---------- Data for this exercise ----------
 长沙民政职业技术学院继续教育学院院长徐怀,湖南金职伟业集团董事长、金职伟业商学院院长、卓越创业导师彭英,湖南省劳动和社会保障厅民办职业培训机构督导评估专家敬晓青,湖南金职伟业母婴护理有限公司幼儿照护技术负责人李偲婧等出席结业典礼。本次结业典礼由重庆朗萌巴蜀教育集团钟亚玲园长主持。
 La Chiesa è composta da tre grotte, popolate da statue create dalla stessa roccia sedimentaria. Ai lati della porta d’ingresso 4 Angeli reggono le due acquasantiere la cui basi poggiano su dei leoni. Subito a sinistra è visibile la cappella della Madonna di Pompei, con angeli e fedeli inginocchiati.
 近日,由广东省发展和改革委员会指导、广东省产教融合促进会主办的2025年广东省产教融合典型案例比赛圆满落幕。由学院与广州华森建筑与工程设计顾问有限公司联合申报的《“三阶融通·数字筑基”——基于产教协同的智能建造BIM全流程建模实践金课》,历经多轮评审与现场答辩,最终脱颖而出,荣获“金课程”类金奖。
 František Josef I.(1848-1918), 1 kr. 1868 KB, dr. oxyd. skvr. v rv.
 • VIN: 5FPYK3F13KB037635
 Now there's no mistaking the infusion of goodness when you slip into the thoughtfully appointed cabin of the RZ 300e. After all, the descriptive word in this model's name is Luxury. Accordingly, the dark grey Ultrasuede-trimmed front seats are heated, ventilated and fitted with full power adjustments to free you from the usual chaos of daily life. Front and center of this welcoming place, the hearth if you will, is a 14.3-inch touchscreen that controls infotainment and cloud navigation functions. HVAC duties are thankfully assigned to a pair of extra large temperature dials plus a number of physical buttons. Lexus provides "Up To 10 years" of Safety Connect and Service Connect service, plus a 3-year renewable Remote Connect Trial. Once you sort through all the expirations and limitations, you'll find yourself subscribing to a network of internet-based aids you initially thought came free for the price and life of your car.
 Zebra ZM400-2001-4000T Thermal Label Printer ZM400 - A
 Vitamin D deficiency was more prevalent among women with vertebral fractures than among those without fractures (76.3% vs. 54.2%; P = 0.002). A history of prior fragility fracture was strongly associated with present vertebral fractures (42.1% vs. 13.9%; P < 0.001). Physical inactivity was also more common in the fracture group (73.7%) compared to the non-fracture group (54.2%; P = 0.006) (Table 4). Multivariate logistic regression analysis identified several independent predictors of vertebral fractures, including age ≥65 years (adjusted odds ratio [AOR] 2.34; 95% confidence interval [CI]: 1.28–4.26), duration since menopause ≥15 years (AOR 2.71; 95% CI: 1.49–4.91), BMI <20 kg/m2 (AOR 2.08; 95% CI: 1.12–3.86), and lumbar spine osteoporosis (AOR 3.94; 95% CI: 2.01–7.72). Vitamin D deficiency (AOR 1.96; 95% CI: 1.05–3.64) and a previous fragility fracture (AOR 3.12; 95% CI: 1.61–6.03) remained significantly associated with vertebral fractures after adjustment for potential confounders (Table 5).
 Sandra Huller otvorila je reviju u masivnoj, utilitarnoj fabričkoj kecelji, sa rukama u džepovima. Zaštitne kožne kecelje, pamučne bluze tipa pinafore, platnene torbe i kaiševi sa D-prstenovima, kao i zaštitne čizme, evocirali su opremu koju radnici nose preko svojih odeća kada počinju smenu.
----------
Exercise aim:
Look through the entries above and find each line where the word "years" occurs; copy those lines.

The answer:
 Now there's no mistaking the infusion of goodness when you slip into the thoughtfully appointed cabin of the RZ 300e. After all, the descriptive word in this model's name is Luxury. Accordingly, the dark grey Ultrasuede-trimmed front seats are heated, ventilated and fitted with full power adjustments to free you from the usual chaos of daily life. Front and center of this welcoming place, the hearth if you will, is a 14.3-inch touchscreen that controls infotainment and cloud navigation functions. HVAC duties are thankfully assigned to a pair of extra large temperature dials plus a number of physical buttons. Lexus provides "Up To 10 years" of Safety Connect and Service Connect service, plus a 3-year renewable Remote Connect Trial. Once you sort through all the expirations and limitations, you'll find yourself subscribing to a network of internet-based aids you initially thought came free for the price and life of your car.
 Vitamin D deficiency was more prevalent among women with vertebral fractures than among those without fractures (76.3% vs. 54.2%; P = 0.002). A history of prior fragility fracture was strongly associated with present vertebral fractures (42.1% vs. 13.9%; P < 0.001). Physical inactivity was also more common in the fracture group (73.7%) compared to the non-fracture group (54.2%; P = 0.006) (Table 4). Multivariate logistic regression analysis identified several independent predictors of vertebral fractures, including age ≥65 years (adjusted odds ratio [AOR] 2.34; 95% confidence interval [CI]: 1.28–4.26), duration since menopause ≥15 years (AOR 2.71; 95% CI: 1.49–4.91), BMI <20 kg/m2 (AOR 2.08; 95% CI: 1.12–3.86), and lumbar spine osteoporosis (AOR 3.94; 95% CI: 2.01–7.72). Vitamin D deficiency (AOR 1.96; 95% CI: 1.05–3.64) and a previous fragility fracture (AOR 3.12; 95% CI: 1.61–6.03) remained significantly associated with vertebral fractures after adjustment for potential confounders (Table 5).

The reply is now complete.